> **What is expected**
Your output should be the lines below from the one holding "Вид на Яйлю с горы Чачилган." through the one holding "TE 产品编号 601966-1 CRIMPING TOOL M22520/2-01", transcribed exactly, with no pictures.

▼▼▼

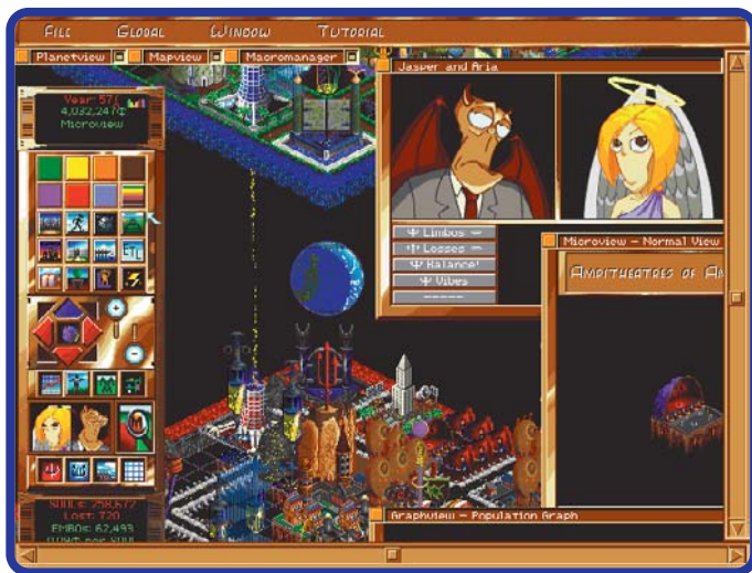
Sinta-se Deus e o Diabo numa terra distante habitada por almas de aliens

Se você é um fanático por jogos tipo SimCity, AfterLife será uma boa aquisição para a sua coleção. Mas se você acha esses jogos um tanto parados, esqueça. Até quando comparado com outros jogos do gênero, AfterLife anda muito devagar. Mesmo com o tempo ajustado para o mais rápido,
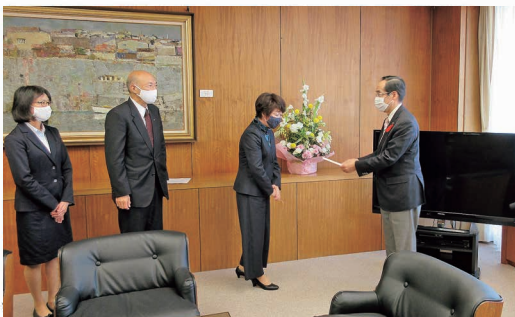
日本赤十字社北上地区長北上市長へ寄付依頼
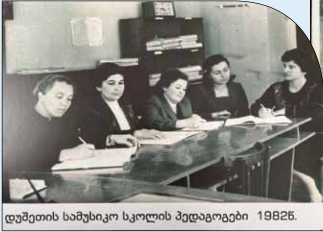
ღუშეთის სამუსიკო სკოლის პედაგოგები 1982წ.
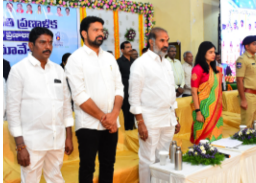
-అభివృద్ధి, సంక్షేమ పథకాలు ప్రజలకు తెలియజేయడం, భవిష్యత్ ప్రణాళికలు సిద్ధం చేసేందుకు ప్రజా పాలన ప్రగతి ప్రణాళిక అమలు
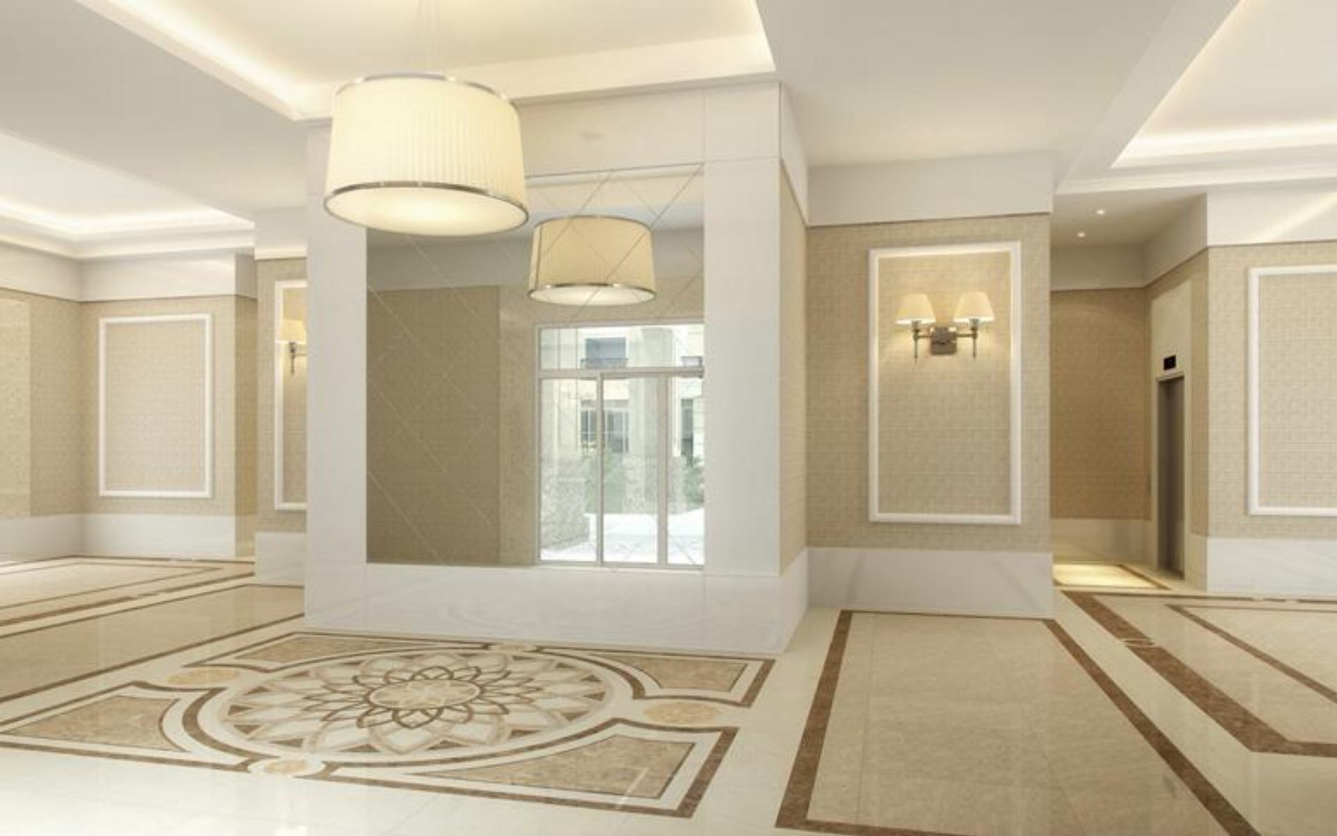
Perspectiva Ilustrada do Lobby do Ed. Hyde Park e Referência ilustrativa do Ed. Central Park
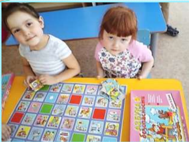
Знакомимся с азбукой безопасности
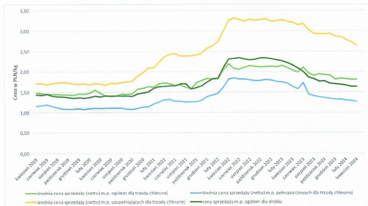
Wykres 1. Ceny mieszanek paszowych (m.p.) w Polsce od IV 2019 do IV 2024 (w PLN/kg)
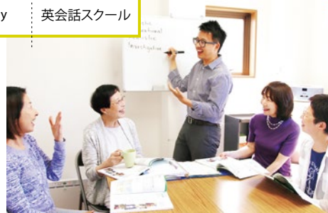
(上)「間違ってもOK」というアットホームな雰囲気なので、恐れずどんどん発言できる。自己流の表現もきちんと直してくれ、毎回「なるほど」と発見が多いそう。 (左)2歳前~未就学児の親子クラス「マミー&ミー」(火曜・10時15分~60分)は、英語の歌や遊びを通して自然と英語が身につく。
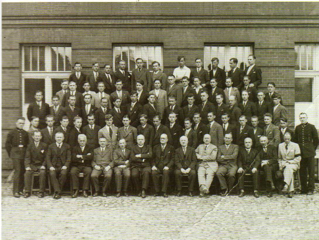
Ostatni absolwenci Szkoły Górniczej w Tarnowskich Górach
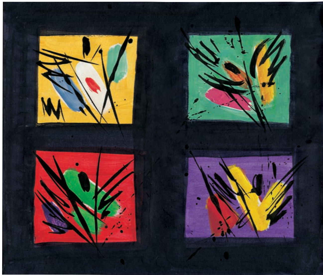
Kvartet za Messiaena (Poveličana telesa / Les Corps glorieux). Akril in tuš na papirju, 250 x 295 mm, 1999.
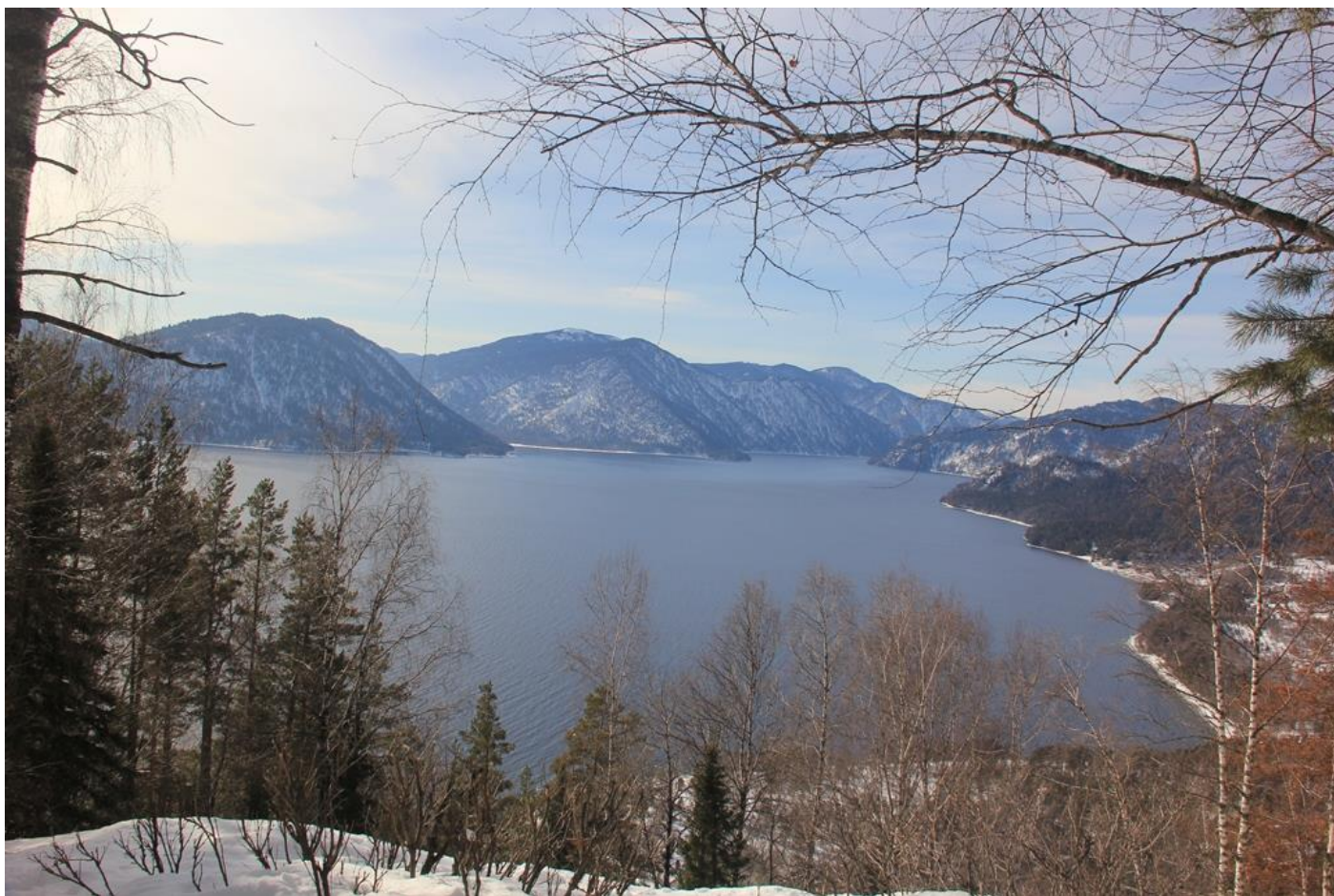
Вид на Яйлю с горы Чачилган.
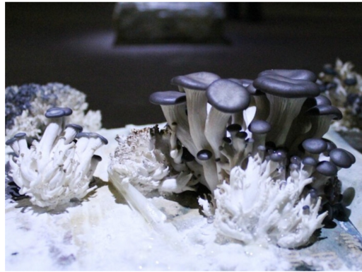
Фрагмент работы Маркуса Хоффмана на выставке «Фрагменты неизвестного города».
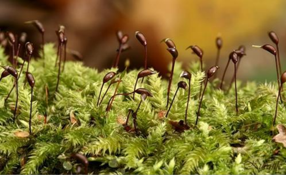
Кукушкин лен печеночник
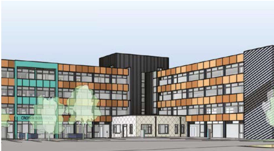
Datblygiad Adeiladau'r Goron

Mae Cyngor Wrecsam yn datblygu Adeiladau'r Goron i greu cyfleuster modern a fydd yn gartref i dimau gofal cymdeithasol ac iechyd integredig a chyfleuster lechyd a Lles Cymunedol.
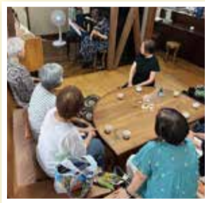
▲シニア向けの交流カフェ
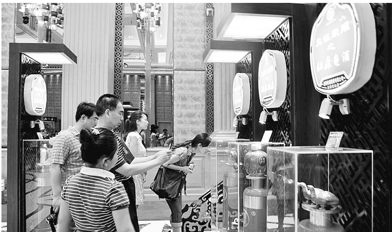
见证历史荣耀的杜康老酒吸引了不少市民的围观

“我们这次参展的主题是‘见证荣耀’,展出的5款杜康酒,既有去年推出的高端产品,也有历史上曾经光彩夺目的杜康老酒,但每一款酒都有重大的历史意义,见证了杜康曾经的无上荣耀。”洛阳杜康控股销售公司
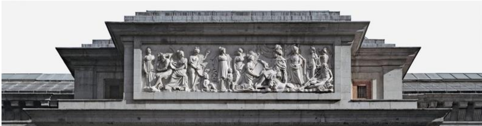
Museo del Prado. Fernando VII recibiendo los tributos de Minerva y las Bellas Artes , de Ramón Barba (s. XVIII). Friso en la fachada oeste del Edificio Villanueva del Museo del Prado (Madrid) (Todos los derechos reservados)
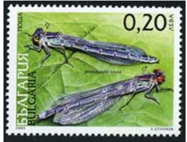
Odonata : Erythromma najas .
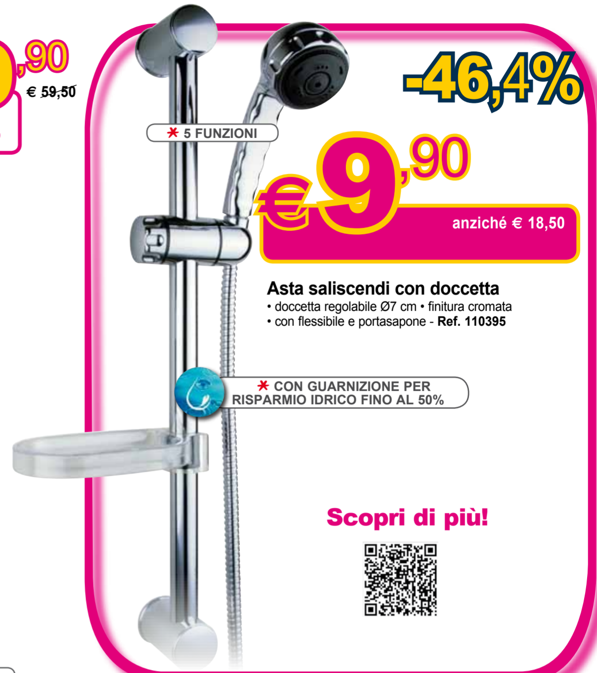
Asta saliscendi con doccia • doccia regolabile Ø7 cm • finitura cromata • con flessibile e portasapone - Ref. 110395
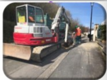
Renouvellement du réseau d'eau rue du Clos Chaly
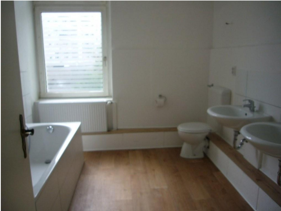
Bad 2 OG
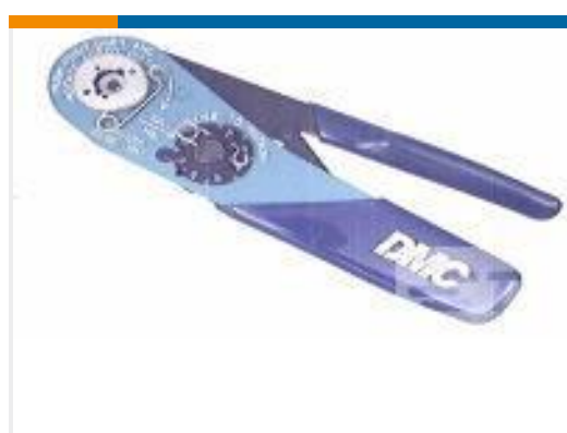
TE 产品编号 601966-1 CRIMPING TOOL M22520/2-01
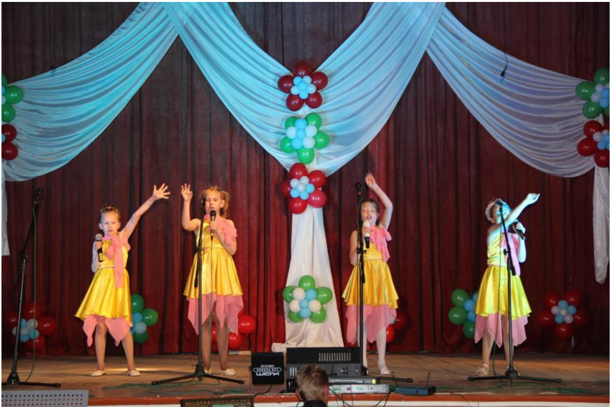
ФЕСТИВАЛЬ « СОЛНЕЧНЫЕ ЛУЧИКИ» ВОКАЛЬНАЯ ГРУППА « ДОМИСОЛЬКА».
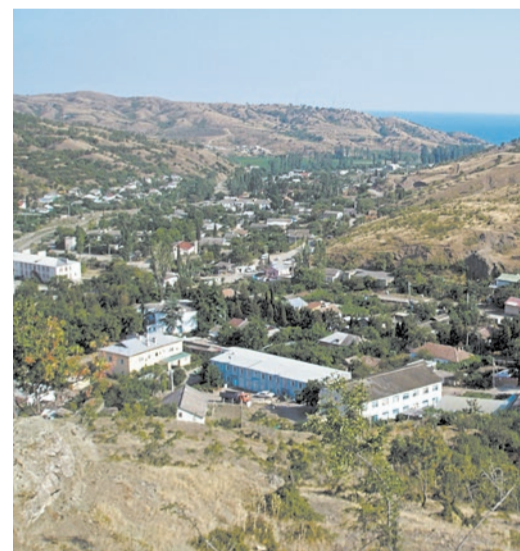
В долине раскинулось село, утопающее в зелени
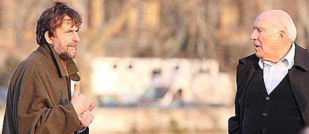
Режисерот Нани Морети и глумецот Мишел Пиколи за време на снимањето на „Хабемус Папам“.
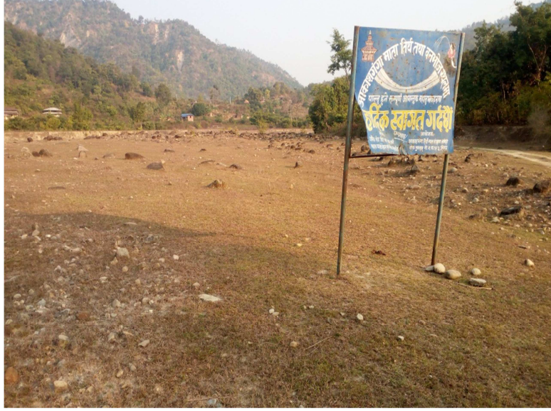
चित्र नं. ४. गोला
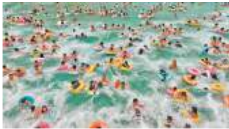
◆中國多地持續高溫，遊客在四川省遂寧市一旅遊度假區戲水消暑。

中國駐韓國大使館表示，感謝韓國民眾對旅韓大熊貓一家的呵護與喜愛，衷心祝願新誕生的兩隻熊貓寶寶健康成長，早日同公眾見面，為大家帶來更多歡樂，為增進中韓友誼繼續注入新的正能量。
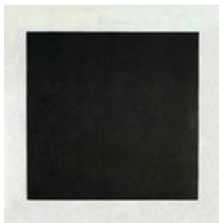
Kasimir Malevitch, Carré noir sur fond blanc , 1915

- Utiliser en plus du blanc pour obtenir un ton plus clair et composer avec ces deux nuances.
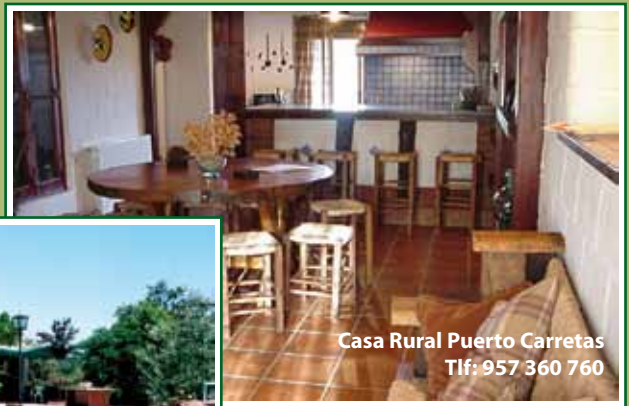
Casa Rural Puerto Carretas Tlf: 957 360 760
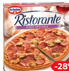
Пицца РИСТОРАНТЕ, специале (Д-р Оеткер), 330 г

* Цена за единицу товара при одинарной покупке с оригинальным этикетным товаром
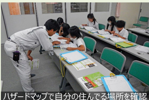
ハザードマップで自分の住んでる場所を確認

▲▲▲

> **Finished task**
Вид на Яйлю с горы Чачилган.
Фрагмент работы Маркуса Хоффмана на выставке «Фрагменты неизвестного города».
Кукушкин лен печеночник
Datblygiad Adeiladau'r Goron

Mae Cyngor Wrecsam yn datblygu Adeiladau'r Goron i greu cyfleuster modern a fydd yn gartref i dimau gofal cymdeithasol ac iechyd integredig a chyfleuster lechyd a Lles Cymunedol.
▲シニア向けの交流カフェ
见证历史荣耀的杜康老酒吸引了不少市民的围观

“我们这次参展的主题是‘见证荣耀’,展出的5款杜康酒,既有去年推出的高端产品,也有历史上曾经光彩夺目的杜康老酒,但每一款酒都有重大的历史意义,见证了杜康曾经的无上荣耀。”洛阳杜康控股销售公司
Museo del Prado. Fernando VII recibiendo los tributos de Minerva y las Bellas Artes , de Ramón Barba (s. XVIII). Friso en la fachada oeste del Edificio Villanueva del Museo del Prado (Madrid) (Todos los derechos reservados)
Odonata : Erythromma najas .
Asta saliscendi con doccia • doccia regolabile Ø7 cm • finitura cromata • con flessibile e portasapone - Ref. 110395
Renouvellement du réseau d'eau rue du Clos Chaly
Bad 2 OG
TE 产品编号 601966-1 CRIMPING TOOL M22520/2-01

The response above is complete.